Although the Council’s standards for minimum wages, maximum hours of work, and other working conditions are those for purposes of state law, local jurisdictions can exercise their police powers to establish more protective local standards.
The Labor Commissioner and the Division of Labor Standards Enforcement would enforce the Council’s standards. Occupational safety and health violations would be enforced by Cal-OSHA. The Civil Rights Department would enforce the discrimination, harassment, and related retaliation laws. There are specified rules for issuing and contesting citations.

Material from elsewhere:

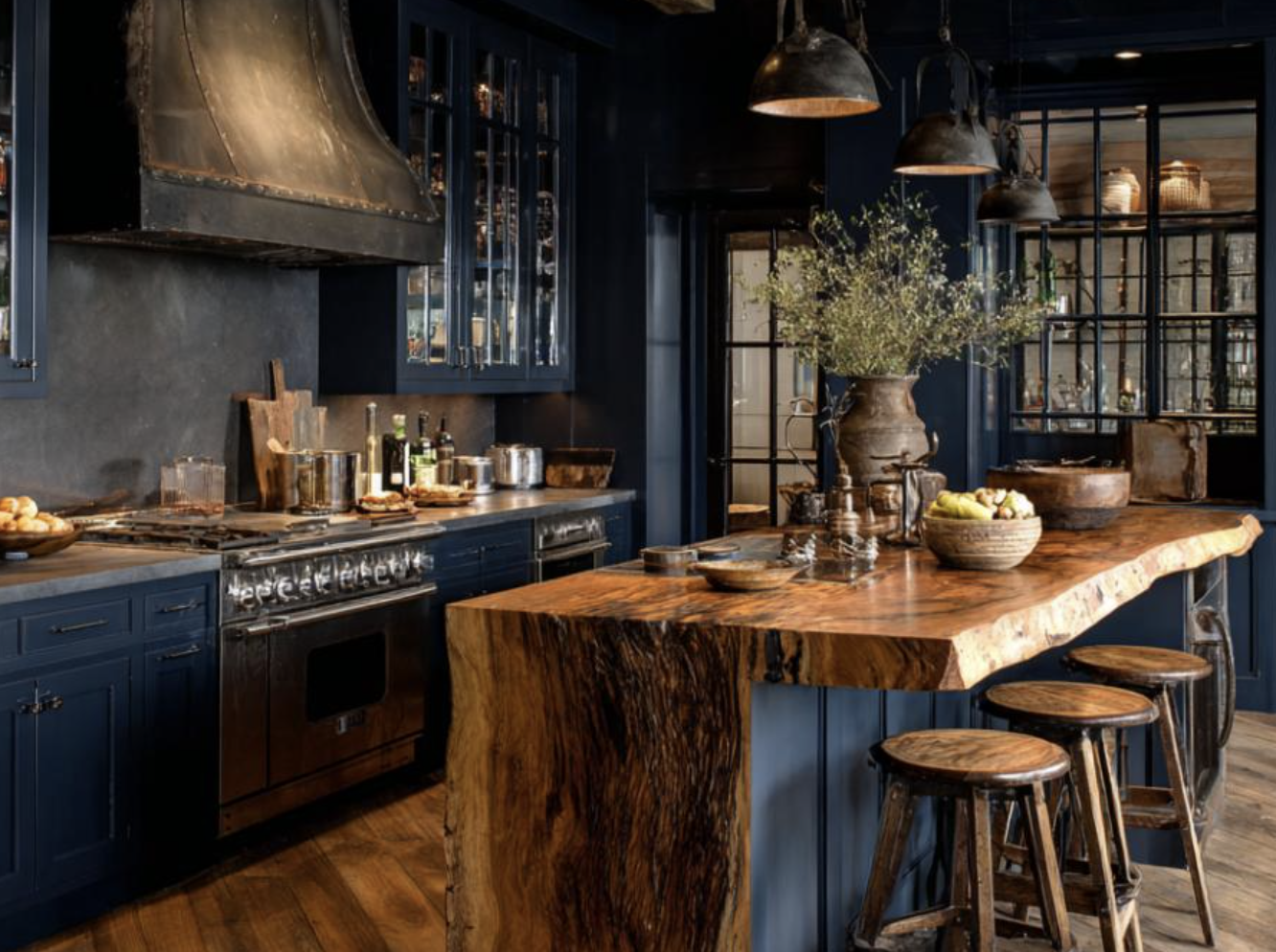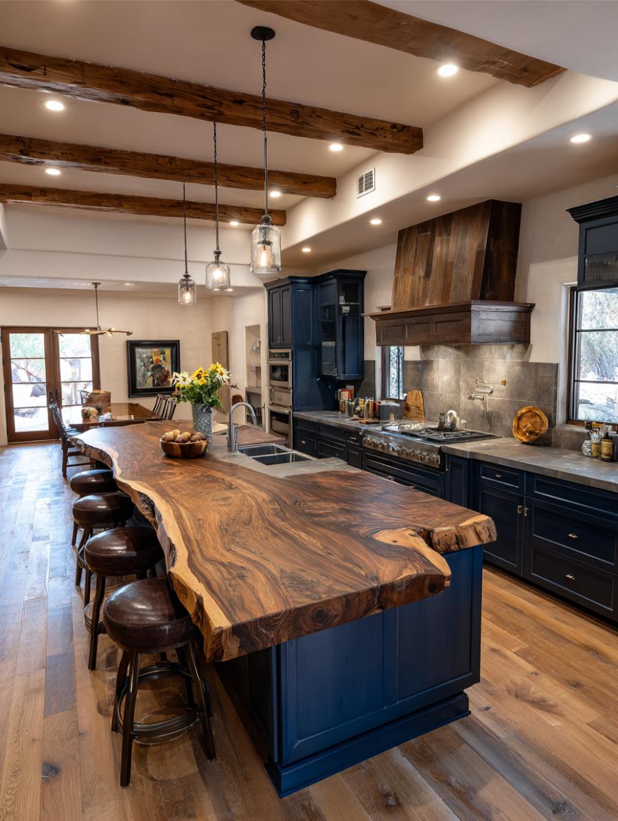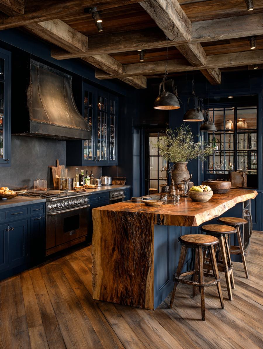 This breathtaking kitchen masterfully combines deep navy blue cabinetry with rich reclaimed wood elements, creating a sophisticated yet rustic atmosphere. The dramatic live-edge wooden island serves as a stunning centerpiece, perfectly complemented by the weathered ceiling beams and vintage-inspired pendant lighting. Industrial touches like the metal range hood and glass-front cabinets add modern functionality while maintaining the space’s cozy, farmhouse charm.

A standard by the Council does not supersede a standard covered by a valid collective bargaining agreement if the agreement expressly provides for the wages, hours of work, and working conditions of employees, as well as a regular rate of pay not less than 30% more than the state minimum wage for those employees. On January 1, 2029, the Council will cease operations.
A fast food restaurant operator is prohibited from discharging, discriminating, or retaliating against any employee for any of three specified reasons. In such cases, the employee has a private right of action to sue the fast food restaurant operator and be entitled to reinstatement, treble wage damages, and attorney’s fees and costs.
There would be a a rebuttable presumption of unlawful discrimination or retaliation if a fast food restaurant operator discharges or takes any other adverse action against one of its employees within 90 days following the date when the operator had knowledge of that employee’s actions.
Finally, on January 1, 2029 and annually thereafter, if the Council is no longer operative, the minimum wage in effect the preceding December 31 must be increases by either 3.5% of the rate of change in the averages of the most recent period for the U.S. Bureau of Labor Statistics adjusted USCPI for urban wage earners and clerical workers.
Section 5 of the bill provides that no reimbursement is required by the state to a local agency or school district.